● **EXERCISE**:
Without the pictures, give every record again exactly.

===== DATA =====

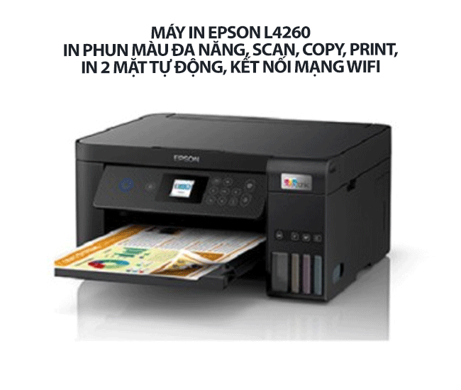 Máy in Epson L4260 – In phun màu đa năng, Scan, Copy, Print, in 2 mặt tự động, kết nối mạng WiFi – Giải Pháp In Ấn Hoàn Hảo Cho Văn Phòng Và Cá Nhân
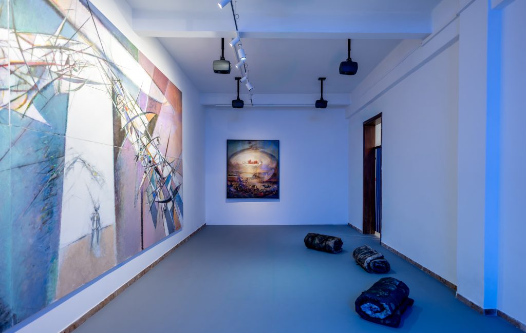 Nella prima sezione, Danagul Tolepbay, figura chiave dell’arte contemporanea kazaka, presenta due dipinti significativi che incarnano la tensione tra speranza e distruzione in un contesto apocalittico. New Child. Rebirth, 2023-2024, raffigura un bambino come simbolo di salvezza, reinterpretando in chiave michelangiolesca il tema della redenzione. In dialogo con le sue opere troviamo l’installazione sonora Presence, 2024 di the2vvo, duo artistico composto da Eldar Tagi e Lena Pozdnyakova, che va crea un’esperienza immersiva attraverso un ologramma sonoro basato sugli archivi di suoni tipici della tradizione centro-asiatica.
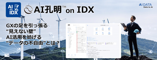 その一方で、設備データの散在やベンダーロックにより、AIの活用が思うように進まないという課題も顕在化しています。こうした“見えない壁”を乗り越えるために、企業データとAIの利活用カンパニー、AIデータ株式会社(本社:東京都港区、代表取締役社長 佐々木隆仁、以下AIデータ社)は、生成AIとデータ統合基盤を組み合わせたソリューション「AI孔明TM on IDX for GX」を提供開始します。
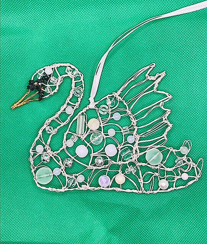 - A dragon decoration with three-dimensional elements. It is handmade from covered copper wire and glass beads, with a satin ribbon attached for hanging. It comes in two colour options: dark green/light green, with a green ribbon and red/gold, with a gold ribbon. You can contact me to request an alternative colour combination. It's size is approximately 29cm by 19cm. The beads may vary from the picture.
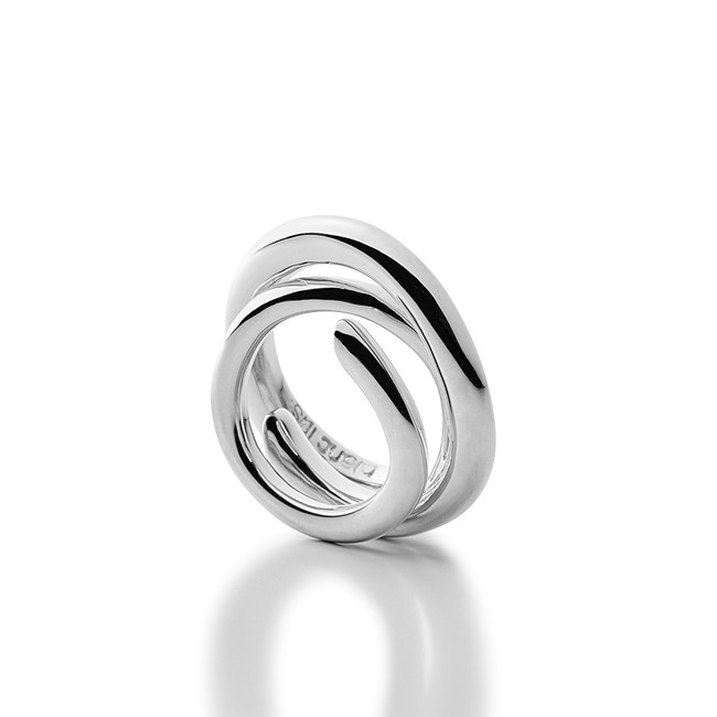 不規則なサークルが重なり形作られたデザインは、それらの高低差やフォルムのギャップが身につけた時にモダンな存在感を醸し出します。
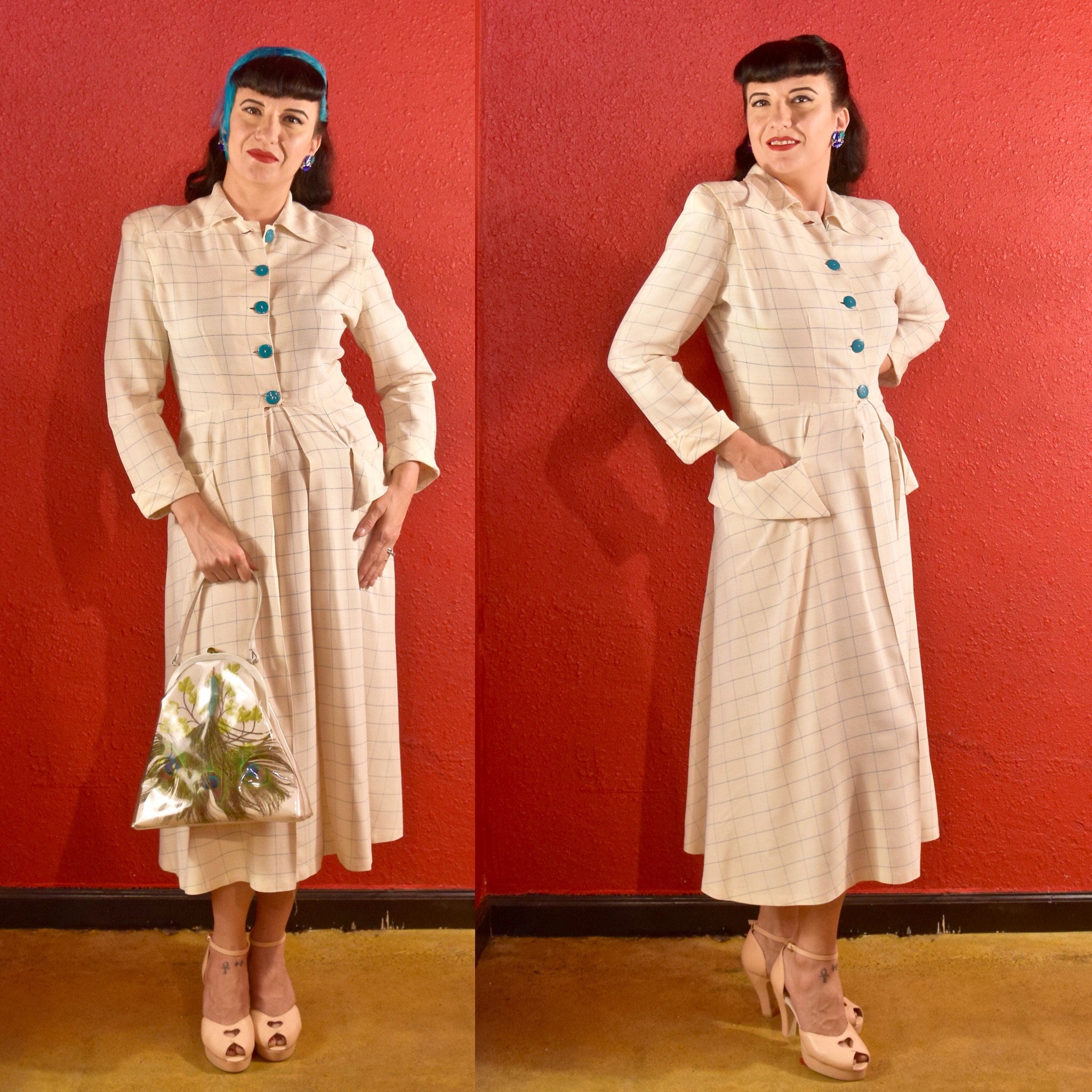 1940s shirtwaist dress clearance, 1940s Shirtwaist Dress White Plaid with Aqua \u0026 Pockets clearance
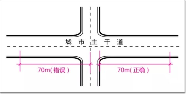 (城市主干道上不宜設置聚集人氣的出入口,包括規劃設計也是一樣的。主干道上可以開設輔助入口,車行出入口要求遠離主干道交叉口70米。如果基地上只有一條路,而且是主干道的話,沒有辦法,只能開在這個方向,那么需要退出足夠的距離設置一個面積很大的疏散廣場,不過一般情況下不會出現這種情況)
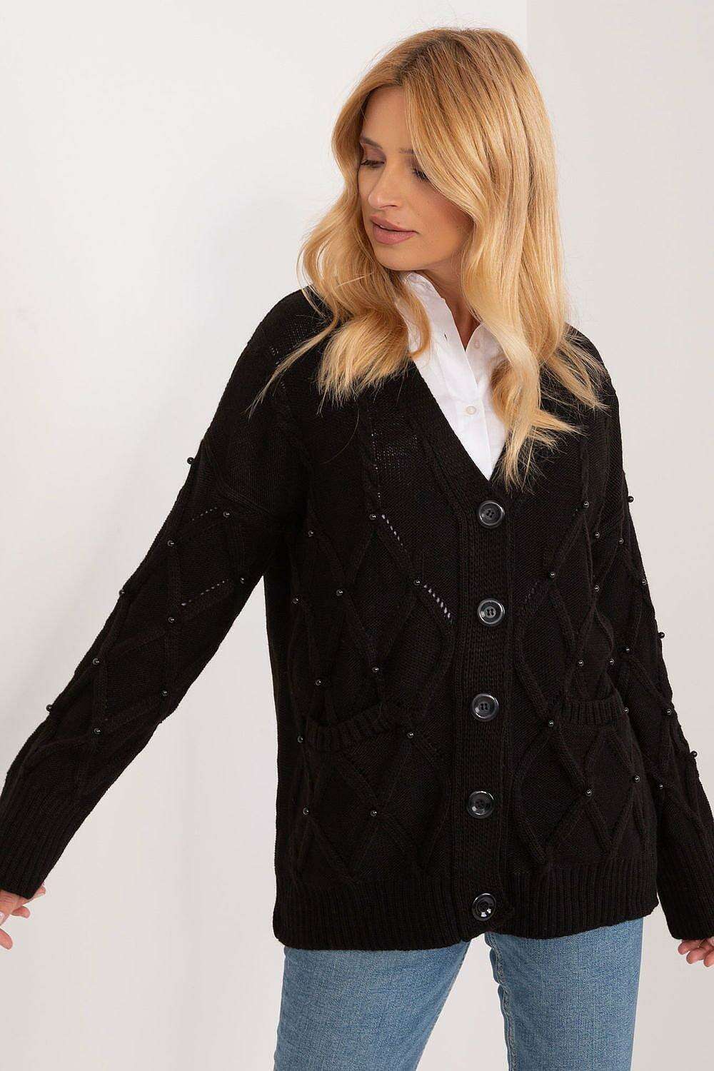 • Unique Design: This cardigan features beautifully adorned decorative sewn-on beads, creating a striking visual appeal that sets it apart from typical outerwear.
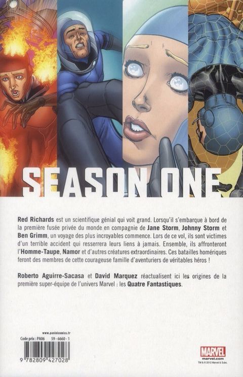 Après spider-man au mois de juillet, c'est au tour des Quatre fantastiques d'avoir l'honneur d'apparaître dans la collection Season One, une formidable initiative de Marvel pour faire découvrir ses plus grands super-héros à une nouvelle génération de lecteurs. Voici donc la version la plus récente et la plus actuelle des origines de la Première Famille de l'univers Marvel... mais pas seulement ! Vous assisterez à leurs premiers affrontements, contre l'Homme-Taupe, le Docteur fatalis... et namor, le Prince des Mers. aguirre-sacasa et marquez sont aux rênes de ce magnifique album.
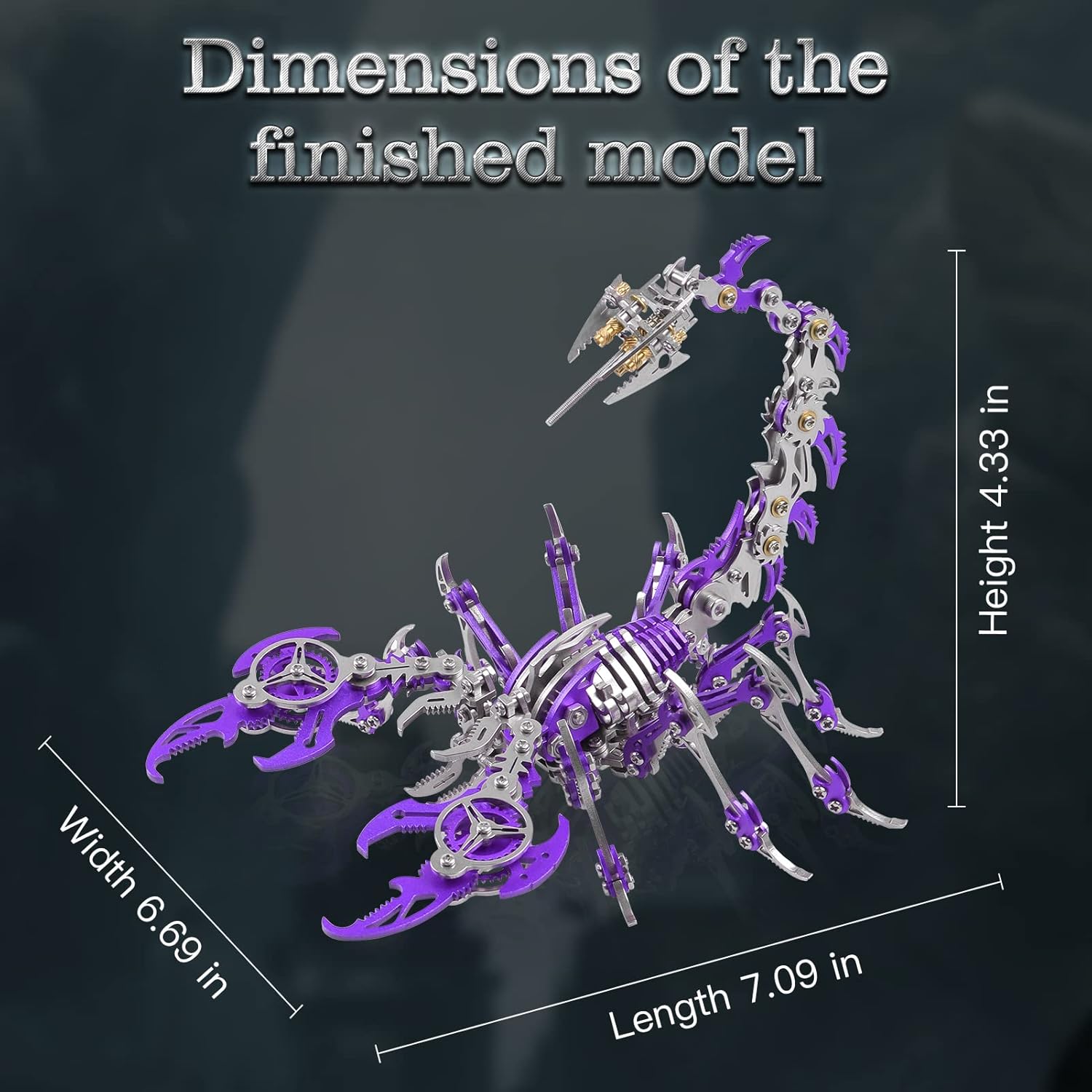 • 🦂Complete Kit: Our kit includes everything you need to build your own mechanical masterpiece, including 454 stainless steel parts, tools, and color drawing instructions. Finished product size: 16cm x 14cm x14cm.

=====

● **RESPONSE AREA**:
 Máy in Epson L4260 – In phun màu đa năng, Scan, Copy, Print, in 2 mặt tự động, kết nối mạng WiFi – Giải Pháp In Ấn Hoàn Hảo Cho Văn Phòng Và Cá Nhân
 Nella prima sezione, Danagul Tolepbay, figura chiave dell’arte contemporanea kazaka, presenta due dipinti significativi che incarnano la tensione tra speranza e distruzione in un contesto apocalittico. New Child. Rebirth, 2023-2024, raffigura un bambino come simbolo di salvezza, reinterpretando in chiave michelangiolesca il tema della redenzione. In dialogo con le sue opere troviamo l’installazione sonora Presence, 2024 di the2vvo, duo artistico composto da Eldar Tagi e Lena Pozdnyakova, che va crea un’esperienza immersiva attraverso un ologramma sonoro basato sugli archivi di suoni tipici della tradizione centro-asiatica.
 その一方で、設備データの散在やベンダーロックにより、AIの活用が思うように進まないという課題も顕在化しています。こうした“見えない壁”を乗り越えるために、企業データとAIの利活用カンパニー、AIデータ株式会社(本社:東京都港区、代表取締役社長 佐々木隆仁、以下AIデータ社)は、生成AIとデータ統合基盤を組み合わせたソリューション「AI孔明TM on IDX for GX」を提供開始します。
 - A dragon decoration with three-dimensional elements. It is handmade from covered copper wire and glass beads, with a satin ribbon attached for hanging. It comes in two colour options: dark green/light green, with a green ribbon and red/gold, with a gold ribbon. You can contact me to request an alternative colour combination. It's size is approximately 29cm by 19cm. The beads may vary from the picture.
 不規則なサークルが重なり形作られたデザインは、それらの高低差やフォルムのギャップが身につけた時にモダンな存在感を醸し出します。
 1940s shirtwaist dress clearance, 1940s Shirtwaist Dress White Plaid with Aqua \u0026 Pockets clearance
 (城市主干道上不宜設置聚集人氣的出入口,包括規劃設計也是一樣的。主干道上可以開設輔助入口,車行出入口要求遠離主干道交叉口70米。如果基地上只有一條路,而且是主干道的話,沒有辦法,只能開在這個方向,那么需要退出足夠的距離設置一個面積很大的疏散廣場,不過一般情況下不會出現這種情況)
 • Unique Design: This cardigan features beautifully adorned decorative sewn-on beads, creating a striking visual appeal that sets it apart from typical outerwear.
 Après spider-man au mois de juillet, c'est au tour des Quatre fantastiques d'avoir l'honneur d'apparaître dans la collection Season One, une formidable initiative de Marvel pour faire découvrir ses plus grands super-héros à une nouvelle génération de lecteurs. Voici donc la version la plus récente et la plus actuelle des origines de la Première Famille de l'univers Marvel... mais pas seulement ! Vous assisterez à leurs premiers affrontements, contre l'Homme-Taupe, le Docteur fatalis... et namor, le Prince des Mers. aguirre-sacasa et marquez sont aux rênes de ce magnifique album.
 • 🦂Complete Kit: Our kit includes everything you need to build your own mechanical masterpiece, including 454 stainless steel parts, tools, and color drawing instructions. Finished product size: 16cm x 14cm x14cm.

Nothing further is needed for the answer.